## What to do
Copy the records exactly, leaving out every picture.

## Data extracted from a collection
__________________________________________________

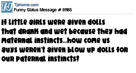 X  If little girls were given dolls that drank and wet because they had maternal instincts...how come us guys weren't given blow up dolls for our paternal instincts?
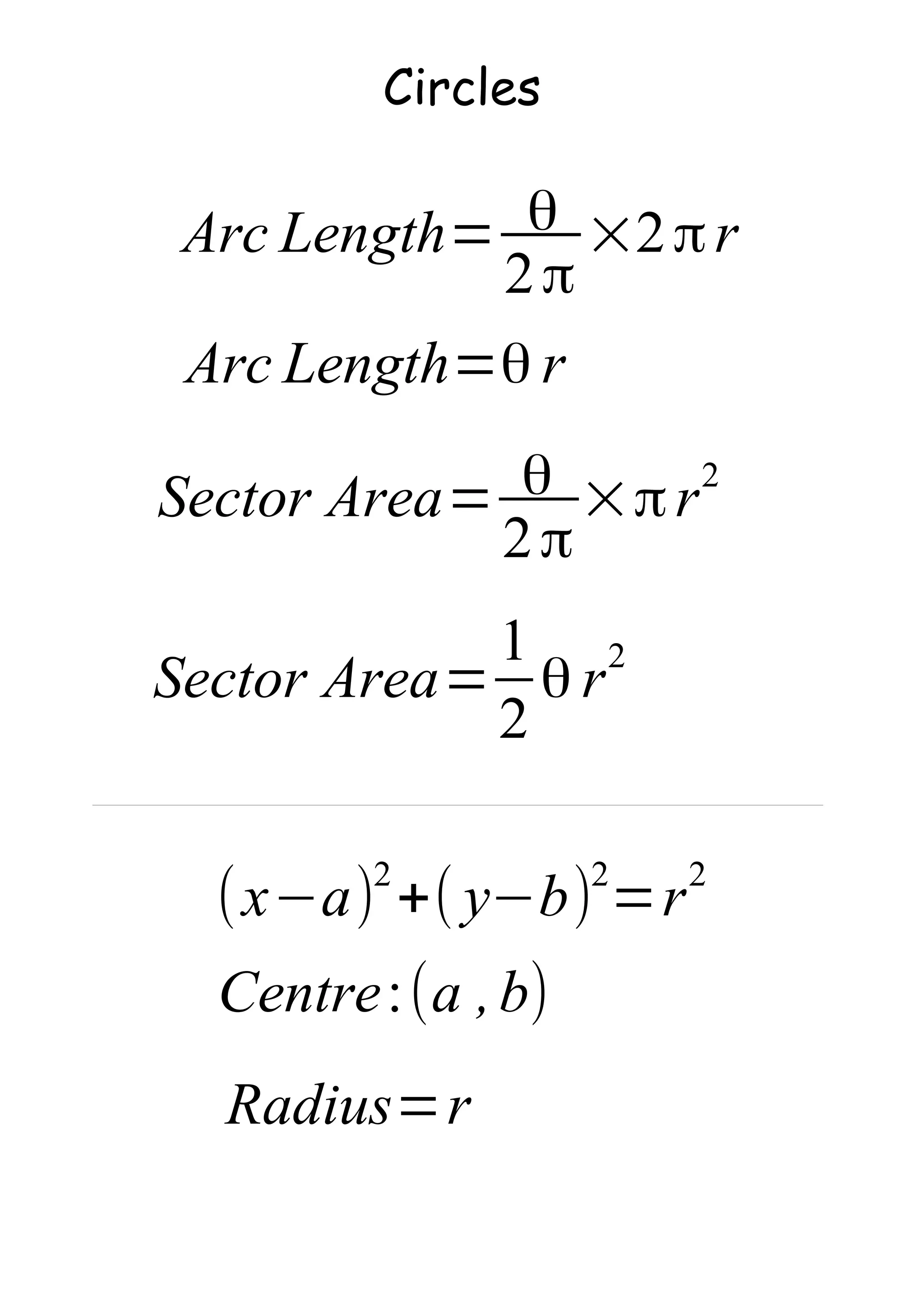 - Triangles (sine rule, cosine rule, area formula, Pythagoras' theorem)
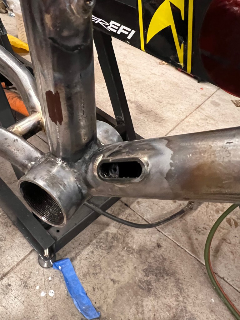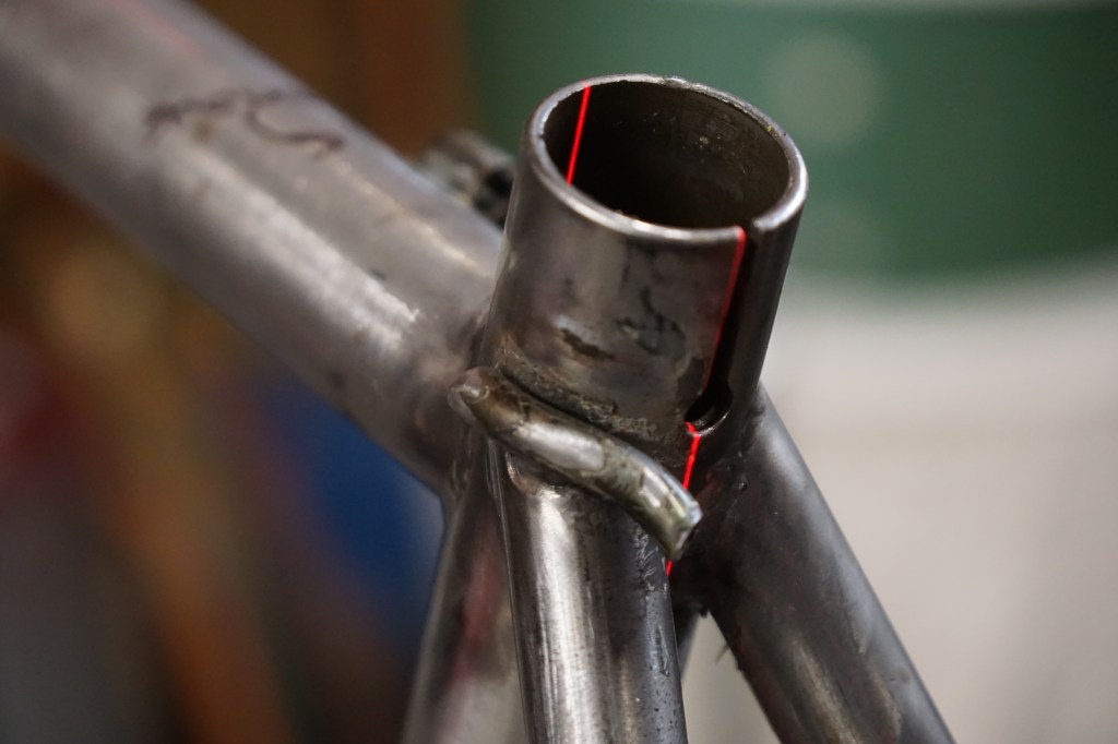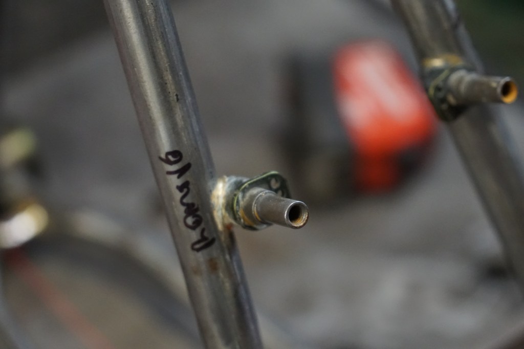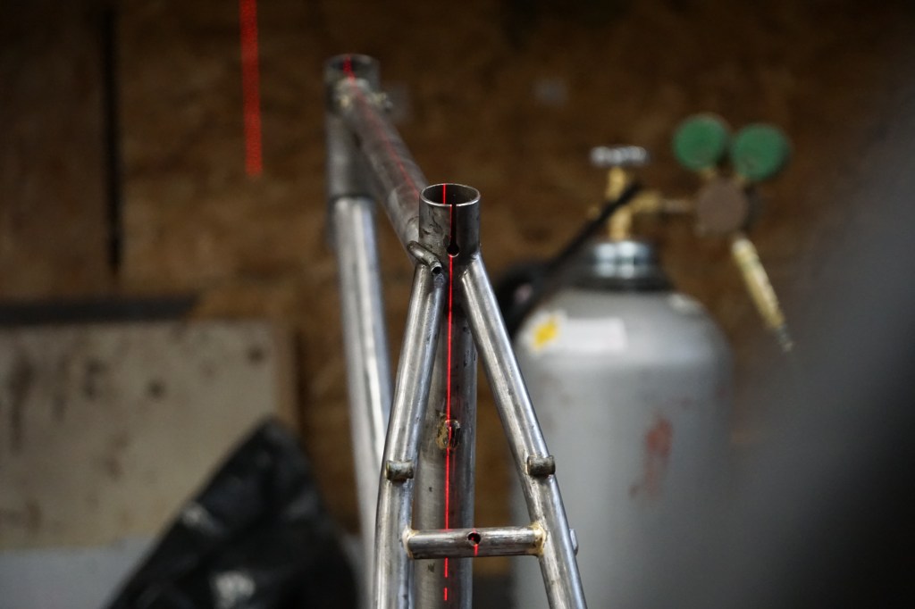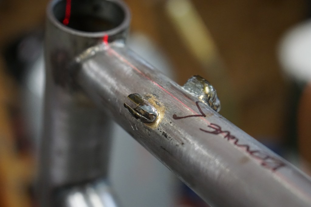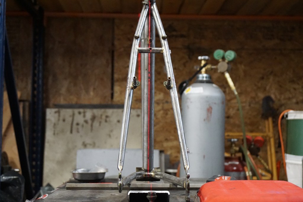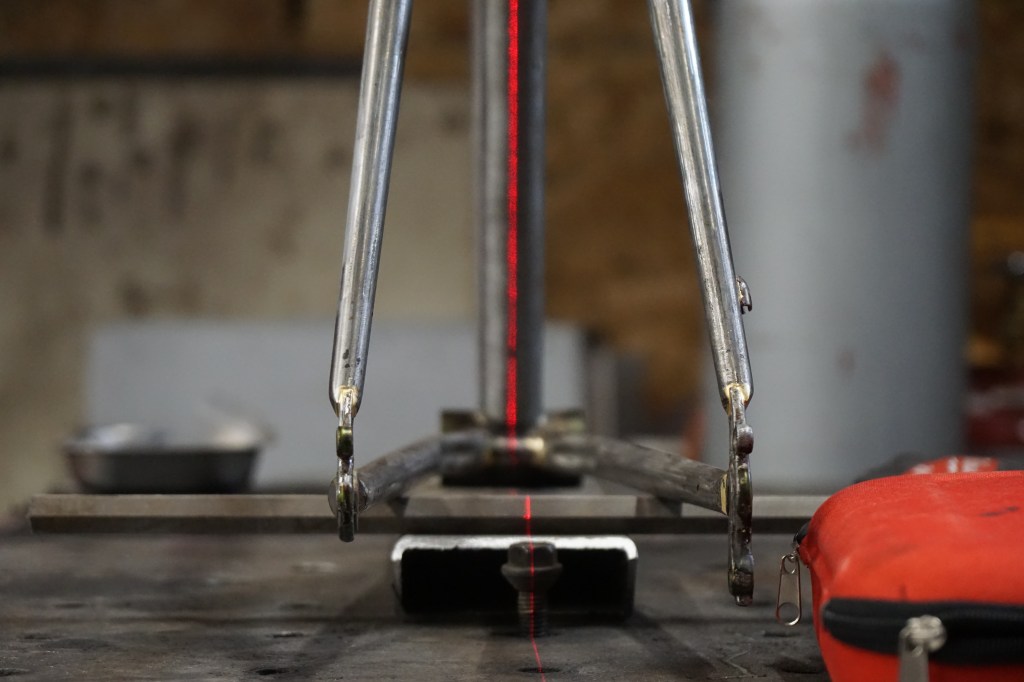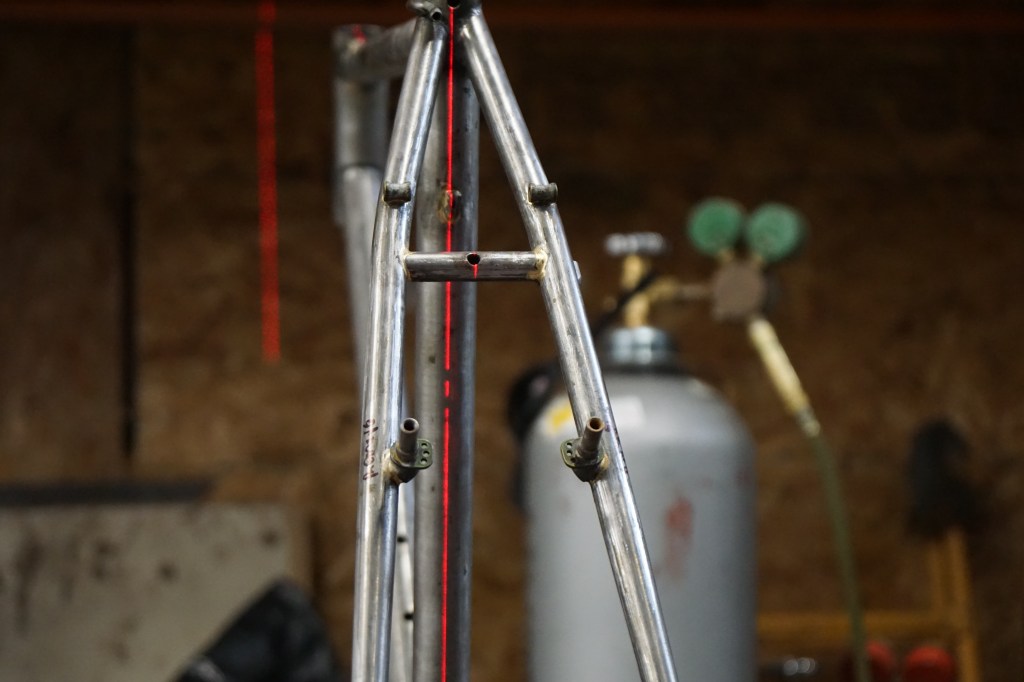 Before starting on the big brazing and modifying tasks, I checked frame straightness to the best of my tooling abilities and identified what needed to be removed and added
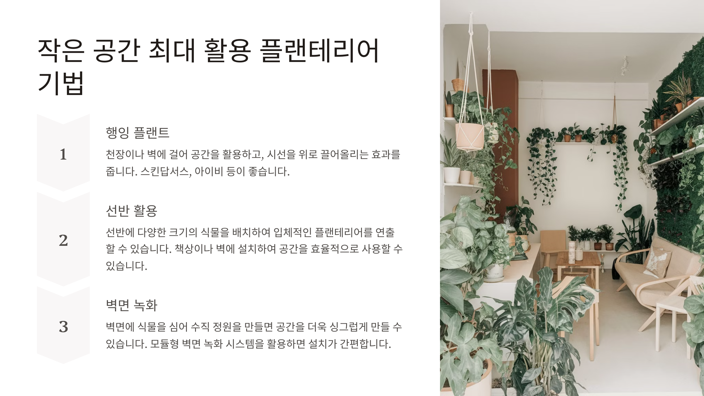 작은 공간에서도 **효율적으로 플랜테리어를 즐길 수 있어요!** 🌿🏡
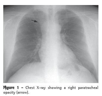 A 50-year-old male smoker (30 pack-years), a car salesman with a history of arterial hypertension and dyslipidemia, sought medical attention. The patient was under regular treatment with simvastatin (20 mg), valsartan (80 mg), lansoprazole (30 mg), and brotizolam (0.25 mg). The patient was referred to a pulmonologist due to the finding of right paratracheal lesion with enlargement of the upper mediastinum on a routine chest X-ray (Figure 1).
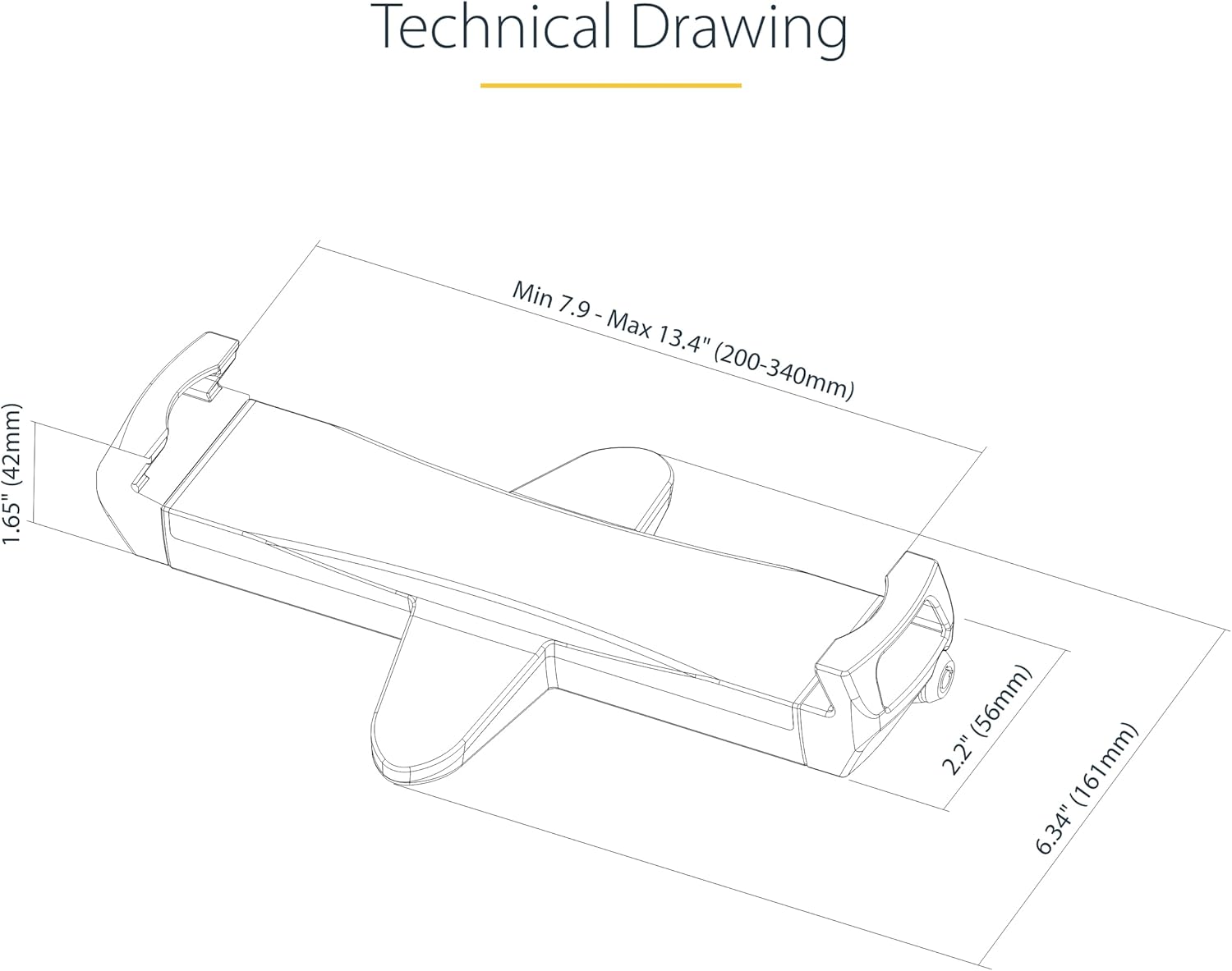 Attach a tablet to a VESA-compatible monitor arm, using this VESA mount adapter for tablets. The adapter is easy to install into your monitor arm or stand, and it supports most tablets of different brands with display sizes between 7.9 to 12.5 in. The spring-loaded clamp offers range of 7.9 to 13.3 in (200 to 340 mm) and can hold tablets up to 0.47 in (12 mm) thick and up to 4.4 lb (2 kg). VESA Mounting for Ergonomics Attach a tablet to this adapter and secure it to a VESA-compatible (75x75 / 100x100 mm) single monitor mount for use in POS, hospitality, room/storage control, and retail applications. Add a display to an existing setup by attaching this adapter to an available VESA monitor mount or arm. NOTE : The VESA mounting point must support rotation. Other adjustments may be possible depending on the capabilities of the VESA mounting point/monitor mount. Lock and Secure a Tablet The VESA tablet mount features anti-theft measures that can deter the theft of the attached tablet. These theft prevention features include anti-tamper mounting screws and lockable tablet clamps. Locking the clamp is optional. Keys and tools are included. Quick and Easy Installation The clever design does not block the ports, front-facing camera, or buttons, allowing users to use all the tablet's features (remove any protective cases from the tablet). The 0.7 lb (0.35 kg) weighted plate can be added to the tablet mount, to ensure optimal operation of spring-assisted/one-touch monitor arms. The tablet VESA mount is backed for 5 years, including free lifetime 24/5 multi-lingual technical assistance.
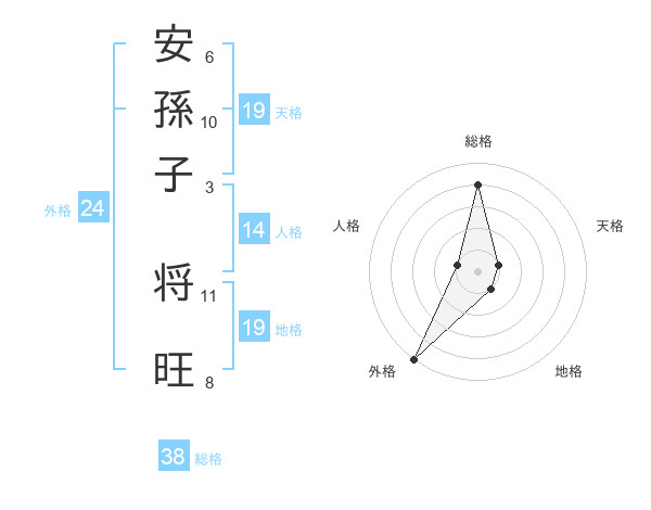 安孫子 将旺さんの総格は38画の4点!
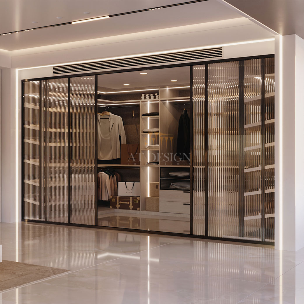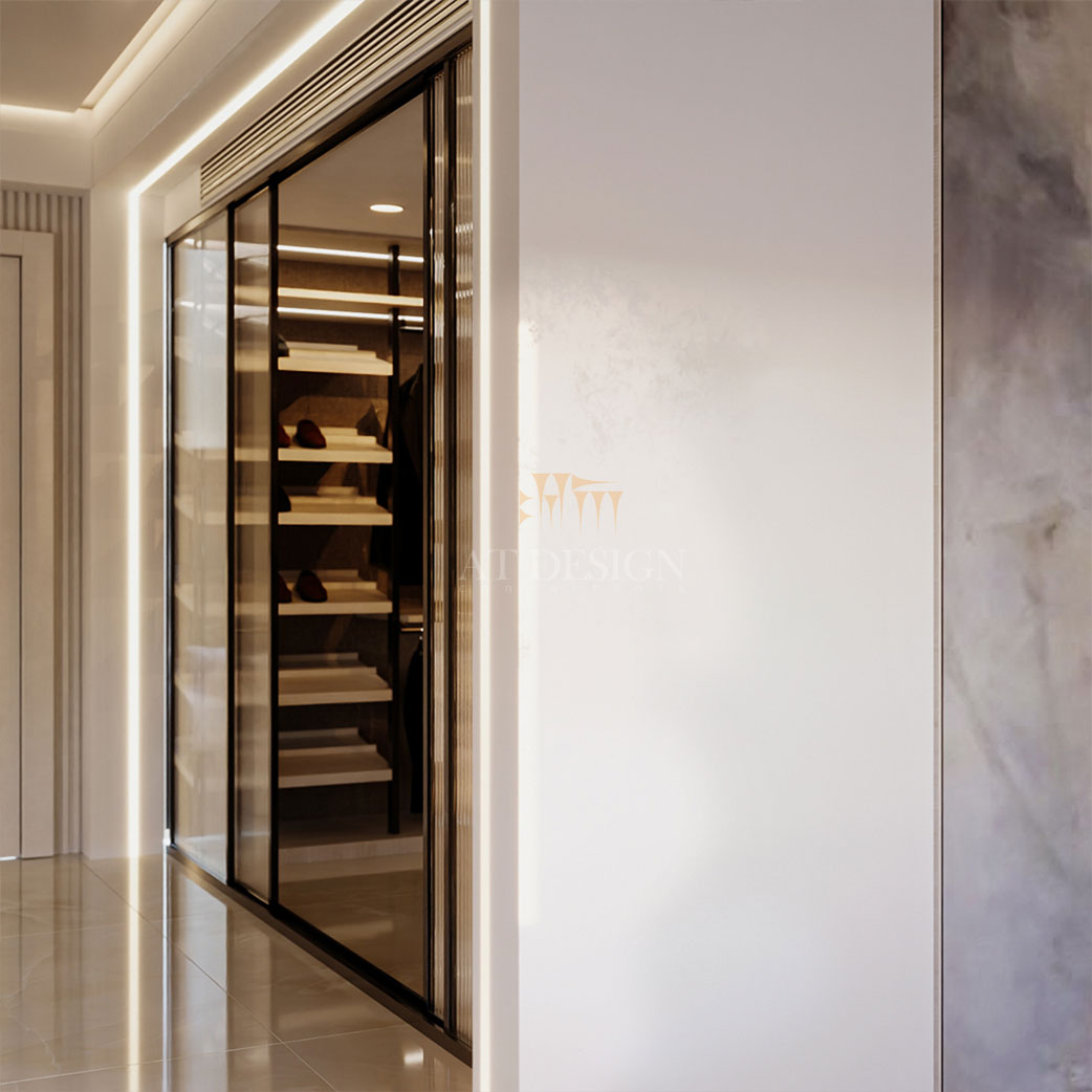 یکی از ویژگیهای منحصربه فرد این سوییت، طراحی میز آرایش با نورپردازی آینه ای و رنگ ملایم چوب طبیعی است. این فضا در امتداد دیوار نشیمن قرار گرفته تا کارکرد دوگانه داشته باشد، هم به عنوان میز کار روزانه و هم میز لوازم آرایش. در مقابل آن، واکینگ کلوزتی با دربهای شیشه ای خط دار طراحی شده که در حالت بسته، با انتقال نور به بیرون هم به زیبایی می افزاید هم با کلیت فضا هماهنگ است و هیچ آشفتگی بصری ایجاد نمیکند. این ایده، نظم و تمیزی دائمی فضا را تضمین میکند.

__________________________________________________

## Output of the exercise
 X  If little girls were given dolls that drank and wet because they had maternal instincts...how come us guys weren't given blow up dolls for our paternal instincts?
 - Triangles (sine rule, cosine rule, area formula, Pythagoras' theorem)
 Before starting on the big brazing and modifying tasks, I checked frame straightness to the best of my tooling abilities and identified what needed to be removed and added
 작은 공간에서도 **효율적으로 플랜테리어를 즐길 수 있어요!** 🌿🏡
 A 50-year-old male smoker (30 pack-years), a car salesman with a history of arterial hypertension and dyslipidemia, sought medical attention. The patient was under regular treatment with simvastatin (20 mg), valsartan (80 mg), lansoprazole (30 mg), and brotizolam (0.25 mg). The patient was referred to a pulmonologist due to the finding of right paratracheal lesion with enlargement of the upper mediastinum on a routine chest X-ray (Figure 1).
 Attach a tablet to a VESA-compatible monitor arm, using this VESA mount adapter for tablets. The adapter is easy to install into your monitor arm or stand, and it supports most tablets of different brands with display sizes between 7.9 to 12.5 in. The spring-loaded clamp offers range of 7.9 to 13.3 in (200 to 340 mm) and can hold tablets up to 0.47 in (12 mm) thick and up to 4.4 lb (2 kg). VESA Mounting for Ergonomics Attach a tablet to this adapter and secure it to a VESA-compatible (75x75 / 100x100 mm) single monitor mount for use in POS, hospitality, room/storage control, and retail applications. Add a display to an existing setup by attaching this adapter to an available VESA monitor mount or arm. NOTE : The VESA mounting point must support rotation. Other adjustments may be possible depending on the capabilities of the VESA mounting point/monitor mount. Lock and Secure a Tablet The VESA tablet mount features anti-theft measures that can deter the theft of the attached tablet. These theft prevention features include anti-tamper mounting screws and lockable tablet clamps. Locking the clamp is optional. Keys and tools are included. Quick and Easy Installation The clever design does not block the ports, front-facing camera, or buttons, allowing users to use all the tablet's features (remove any protective cases from the tablet). The 0.7 lb (0.35 kg) weighted plate can be added to the tablet mount, to ensure optimal operation of spring-assisted/one-touch monitor arms. The tablet VESA mount is backed for 5 years, including free lifetime 24/5 multi-lingual technical assistance.
 安孫子 将旺さんの総格は38画の4点!
 یکی از ویژگیهای منحصربه فرد این سوییت، طراحی میز آرایش با نورپردازی آینه ای و رنگ ملایم چوب طبیعی است. این فضا در امتداد دیوار نشیمن قرار گرفته تا کارکرد دوگانه داشته باشد، هم به عنوان میز کار روزانه و هم میز لوازم آرایش. در مقابل آن، واکینگ کلوزتی با دربهای شیشه ای خط دار طراحی شده که در حالت بسته، با انتقال نور به بیرون هم به زیبایی می افزاید هم با کلیت فضا هماهنگ است و هیچ آشفتگی بصری ایجاد نمیکند. این ایده، نظم و تمیزی دائمی فضا را تضمین میکند.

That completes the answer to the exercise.